SAS : First. and Last. Variables

Live Online Training : SAS Programming with 50+ Case Studies

- Explain Programming Concepts in Simple English
- Live Projects
- Scenario Based Questions
- Job Placement Assistance
- Get 10% off till Sept 25, 2017
- Batch starts from October 8, 2017

This tutorial explains how to identify first and last observations within a group. It is a common data cleaning challenge to remove duplicates or store unique values. In SQL, we use window functions such as rank over() to generate serial numbers among a group of rows. In SAS, we can create first. and last. variables to achieve this task.

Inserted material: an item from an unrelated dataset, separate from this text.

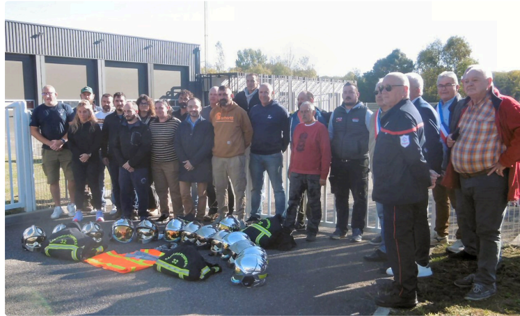
Les pompiers dans la grogne

trop de revendications restées sans réponse

First. and Last. Variables

FIRST.VARIABLE assigns the value of 1 for the first observation in a BY group and the value of 0 for all other observations in the BY group.
LAST.VARIABLE assigns the value of 1 for the last observation in a BY group and the value of 0 for all other observations in the BY group.
Note : Data set must be sorted BY group before applying FIRST. and LAST. Variables.

SAMPLE DATA SET

Suppose you have a dataset consisting 3 variables and 12 observations. The variables are ID, Name and Score. The variable ID is a grouping variable and it contains duplicates.

ID Name Score
1 David 45
1 David 74
2 Sam 45
2 Ram 54
3 Bane 87
3 Mary 92
3 Bane 87
4 Dane 23
5 Jenny 87
5 Ken 87
6 Simran 63
8 Priya 72

Create this data set in SAS

The program below creates the dataset in SAS. Copy the program below and paste it into SAS program editor and run/submit it.



Use PROC SORT to sort the data set by ID. It is required to sort the data before using first. and last. variables.


Note : FIRST./LAST. variables are temporary variables. That means they are not visible in the newly created data set. To make them visible, we need to create two new variables. In the program above, i have created First_ID and Last_ID variables.
SAS : FIRST. vs. LAST. Variables
How it works

FIRST.variable = 1 when an observation is the first observation in each group values of variable ID.
FIRST.variable = 0 when an observation is not the first observation in each group values of variable ID.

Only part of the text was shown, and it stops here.